Der Drunkard’s Walk (engl. für Weg des Betrunkenen) ist ein Bild aus der Wahrscheinlichkeitstheorie, das zur Veranschaulichung einer zufälligen Bewegung (Irrfahrt, Random Walk) verwendet wird. Es wurde vermutlich 1905 durch einen Brief von Karl Pearson in der Zeitschrift Nature[1][2][3] geprägt, inspiriert durch die Untersuchung der Verbreitung von Insektenpopulationen. Auch eine weitgehende Lösung für das ursprüngliche Problem wurde von John William Strutt, 3. Baron Rayleigh, in einem weiteren Leserbrief desselben Bandes gegeben.

“A man starts from a point [math]O[/math] and walks [math]l[/math] yards in a straight line; he then turns through any angle whatever and walks another [math]l[/math] yards in a second straight line. He repeats this process [math]n[/math] times. I require the probability that after these [math]n[/math] stretches he is at a distance between [math]r[/math] and [math]r + dr[/math] from his starting point, [math]O[/math].”

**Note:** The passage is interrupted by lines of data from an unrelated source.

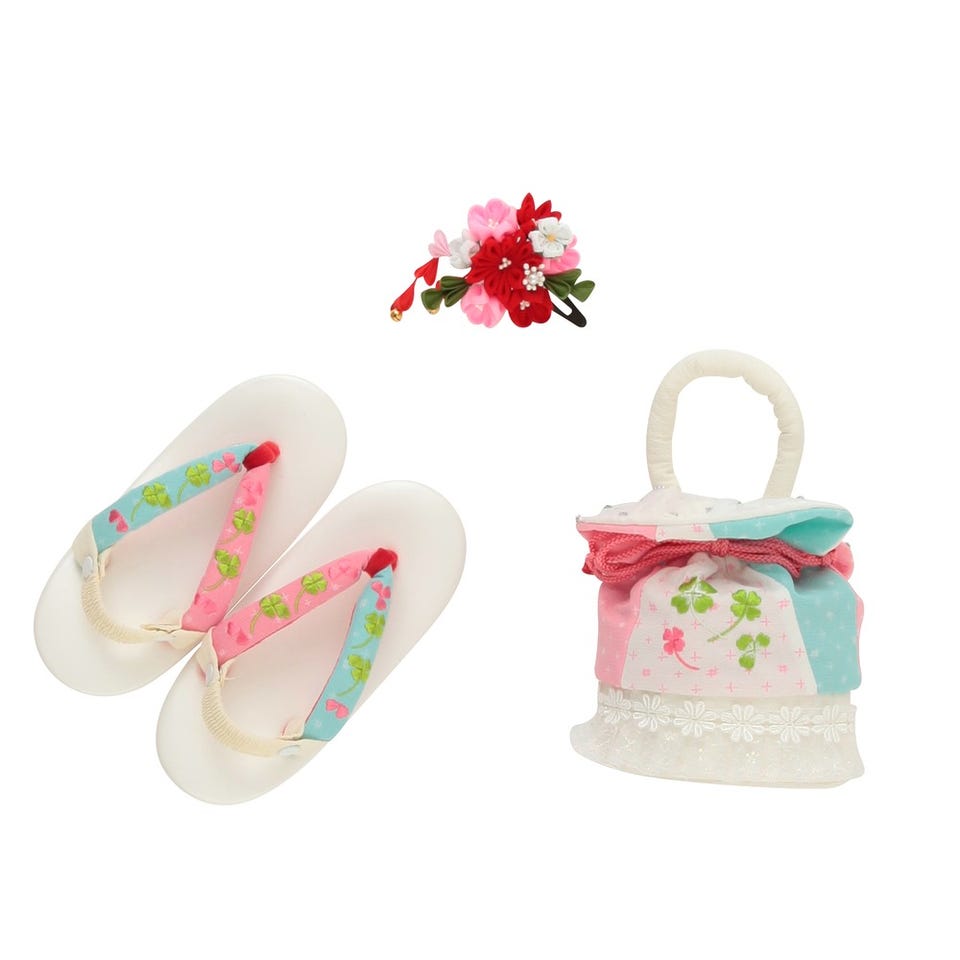 ・着物・長襦袢(半衿つき)・被布コート・兵児帯(しごき)・腰ひも2本・足袋・肌襦袢・髪飾り・巾着・草履(ストラップ取外し可)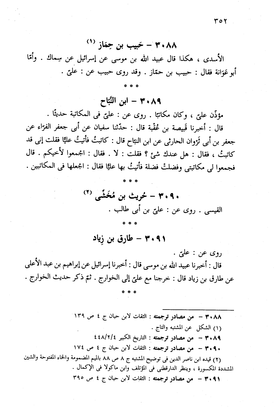 ٣٠٨٨ - من مصادر ترجمته: الثقات لابن حبان ج ٤ ص ١٣٩.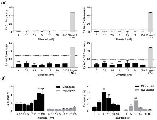 The Ames MPF 98/100 test (Xenometrix, Allschwil, Switzerland) was performed as recommended by the supplier and recently published [43]. Briefly, two Salmonella typhimurium strains TA98 and TA100 (incapable to produce histidine) were used with or without liver S9 homogenate to simulate the metabolic conversions of silvestrol with liver enzymes. After exposure to increasing concentrations of silvestrol or positive controls (2 μg/mL of 2-NF (TA98), 0.1 μg/mL of 4-NQO (TA100), 2.5 μg/mL (TA100) and 1.0 µg/mL (TA98) of 2-AA), the cultures were diluted in pH indicator medium lacking histidine and incubated for two days. Cells that had undergone reversion to amino acid prototrophy grew into colonies and bacterial metabolism reduces the pH of the medium, changing the color of that well. The number of wells containing revertant colonies were counted and compared to a negative control (DMSO). The experiment was performed once in triplicate. The Ames MPF calculation sheet provided by Xenometrix (Allschwil, Switzerland) was used for data analysis. Fold induction over the baseline was taken as the ratio of the mean number of positive wells for the dose concentration divided by the baseline. The baseline was obtained by adding one standard deviation to the mean number of positive wells of the solvent control. Compounds inducing revertant numbers above the baseline were characterized as substances with mutagenic potential.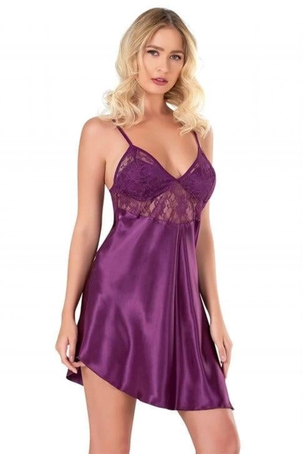 Bicomi Mor Kısa Saten Gecelik 8100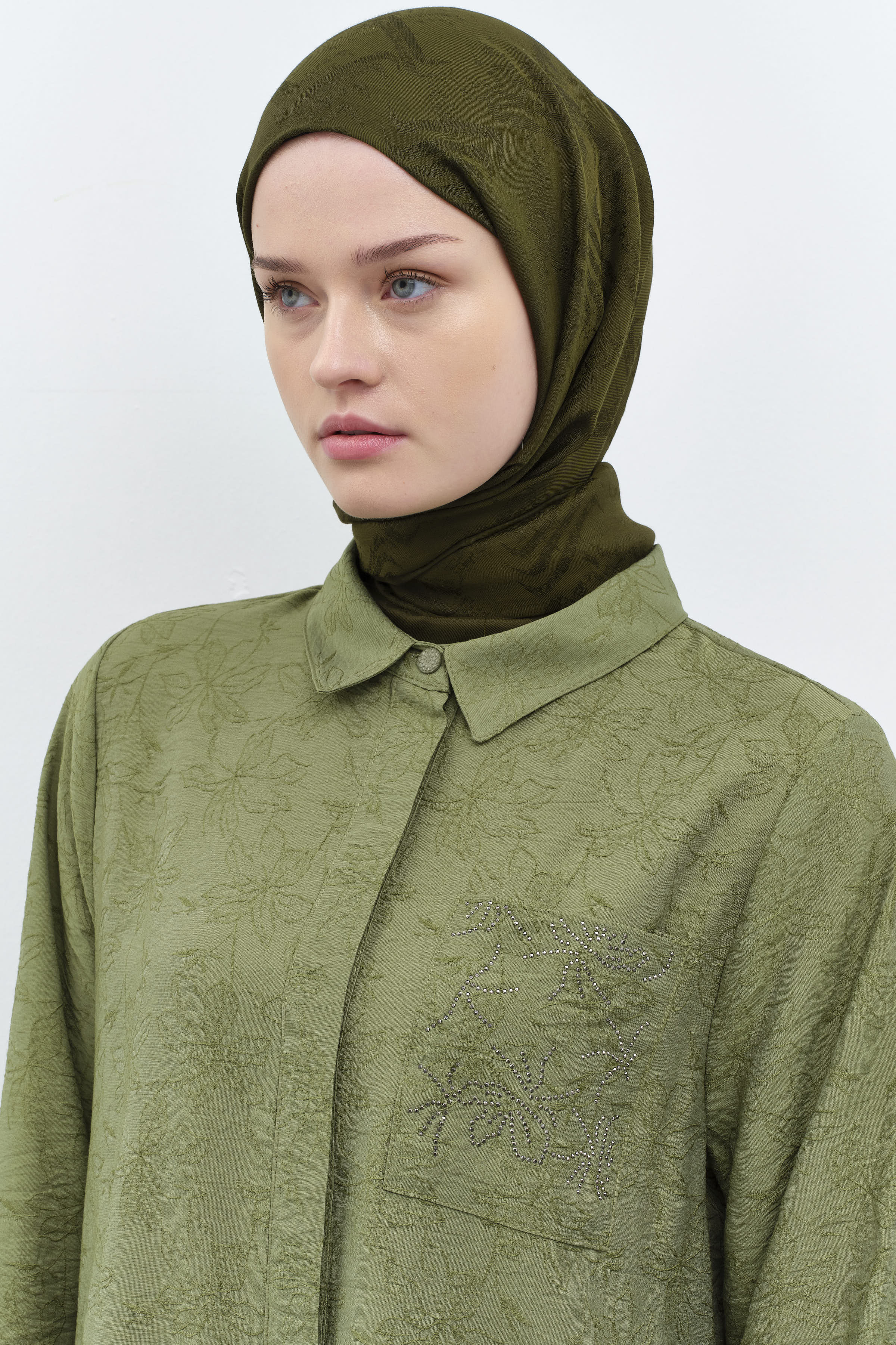 Châle Belle avec motif en forme de baklava - Kaki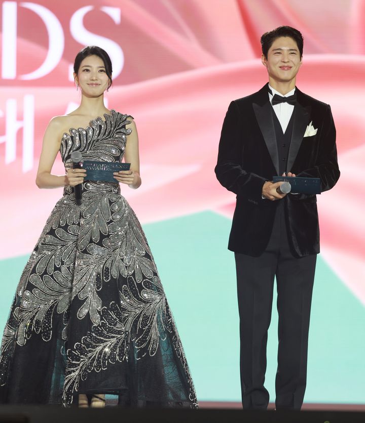 2025年5月5日、ソウルで開催された第61回百想芸術大賞にて。スジは、パク・ボゴム(写真右)やシン・ドンヨプと共に司会を担当して10回目という記念の年になりました。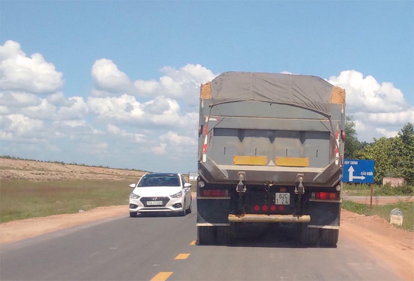 Xe tải chở cát có dấu hiệu quá khổ giới hạn từ lòng hồ Dầu Tiếng lưu thông vào đường ĐT 781. Ảnh: NT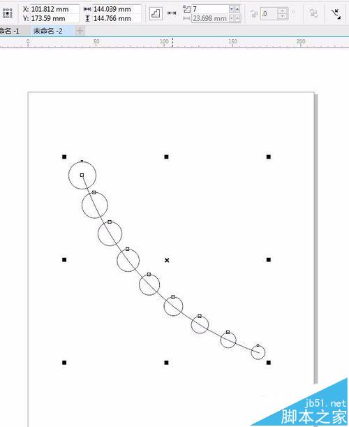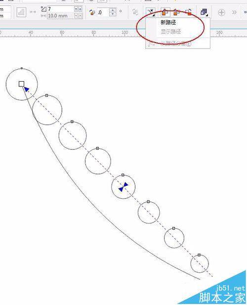 5、這一步,就是開始調節同一線上圓的密度啦,這個也是個人喜好哦(我這里設置的是7個哦)然后在那一串圓上右擊會出現新路徑或者工具欄里面也會有,選擇弧線為新路徑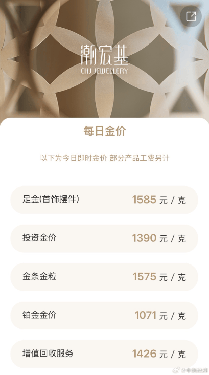 周大福、潮宏基足金饰品均报价1585元/克,单日上涨7元/克;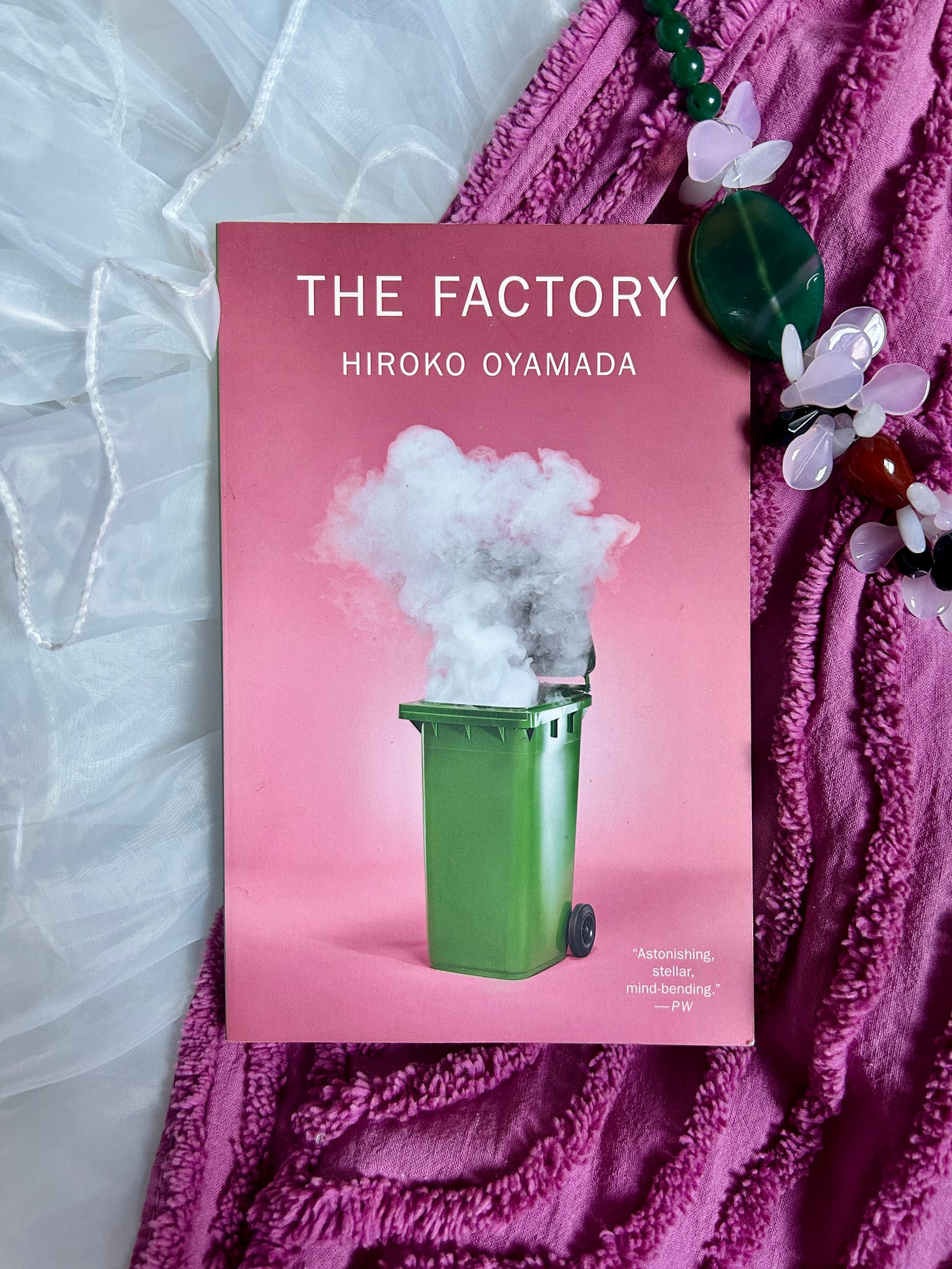 Once I looked past the intriguing cover, I noticed two more details that drew me in further: a Japanese woman was the author, and the teeny little blurb was mysteriously credited simply to PW. Book covers are typically so busy these days, their designs layered with embossed awards and blurbs from familiar names and banners that remind you that it’s Now a Major Motion Picture! Something about the complete lack of extra information made The Factory feel especially compelling - almost like it wasn’t even a real book.
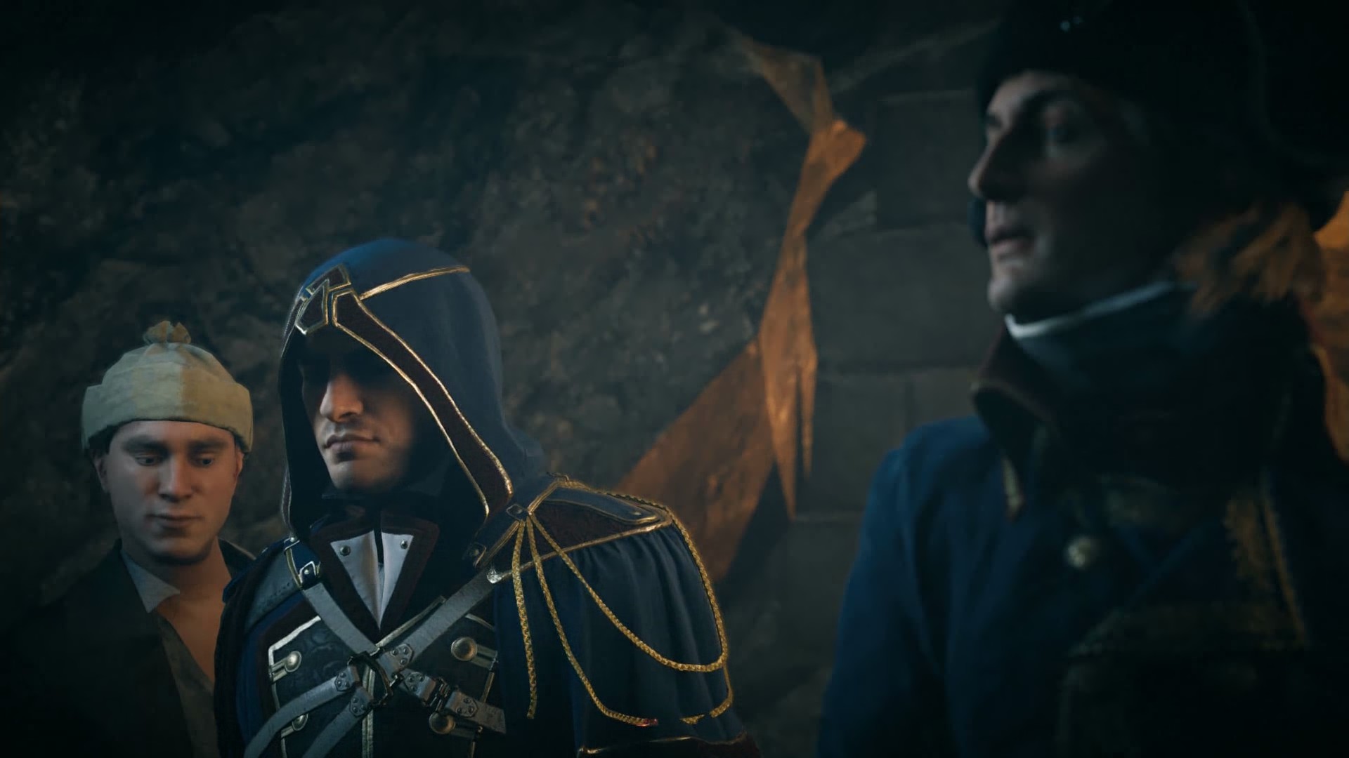 Jumping into the hole, Arno found himself in a series of underground tunnels and was soon greeted by Bellec, who brought him before the French Assassin Council composed of Mirabeau, Sophie Trenet, Guillaume Beylier, Hervé Quemar, and Bellec himself. When Mirabeau questioned his decision to join the Brotherhood, Arno expressed his desire to to redeem his mistakes. While some Council members were reluctant to let Arno join, Bellec vouched for him and Mirabeau authorized Arno to pass the ceremony known as the "eagle's path".[13]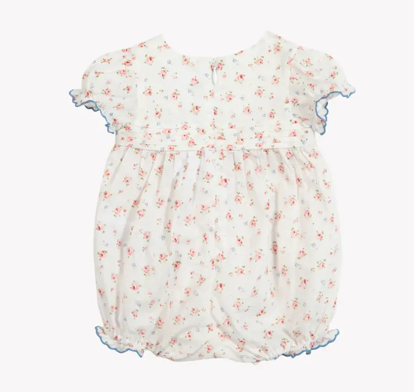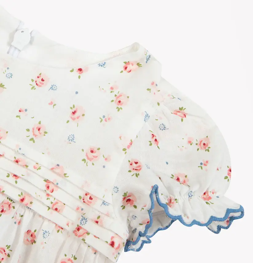 This Jumpsuit short ecru cotton is a delicate piece for little girls' first trousseau. With its floral patterns and border finishes Blue, it adds a touch of freshness and elegance. Perfect for sunny days, it ensures comfort and style for newborns. To be combined with a Beanie in cotton for a complete look.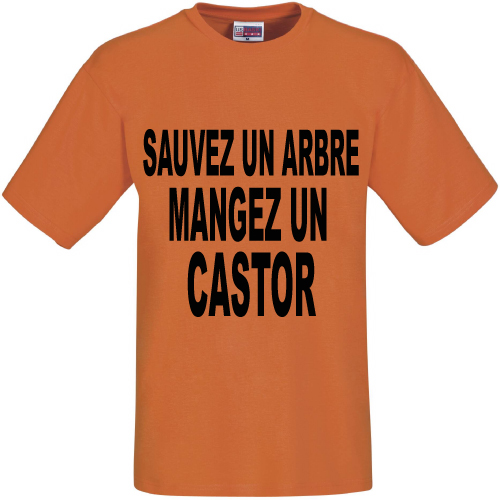 Tee shirt orange manches courtes sauvez un arbre mangez un castor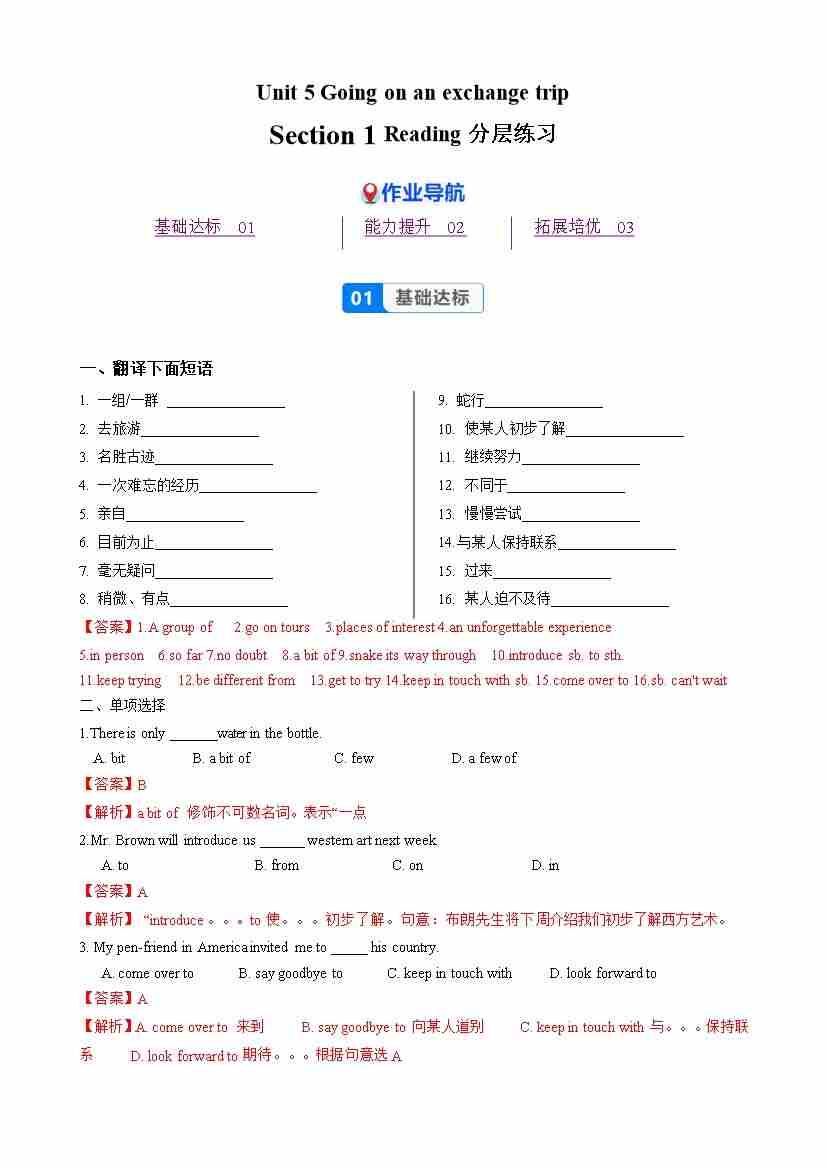Unit 5 课时1 Section 1 Reading(分层作业)(分层练习)(解析版)
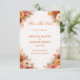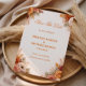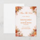 Um design quente e romântico inspirado nos tons de outono, apresentando arranjos florais suaves em tons de pêssego, laranja e rosa. A composição é delicadamente emoldurada com elementos botânicos, criando um layout equilibrado e refinado. A tipografia elegante e a paleta de cores harmoniosa realçam a estética atemporal e inspirada na natureza, perfeita para um tema de celebração aconchegante e sofisticado.

Der Betrunkene geht von einem Startpunkt eine Strecke der Länge l in eine Richtung, verliert Gleichgewicht und Orientierung und dreht sich in einem zufälligen Winkel und setzt seinen Weg mit der nächsten Teilstrecke der Länge l fort. Die Lösung von Rayleigh besagt, dass die Verteilung der wahrscheinlichen Positionen des Betrunkenen nach vielen Schritten von der Normalverteilung angenähert wird.[4]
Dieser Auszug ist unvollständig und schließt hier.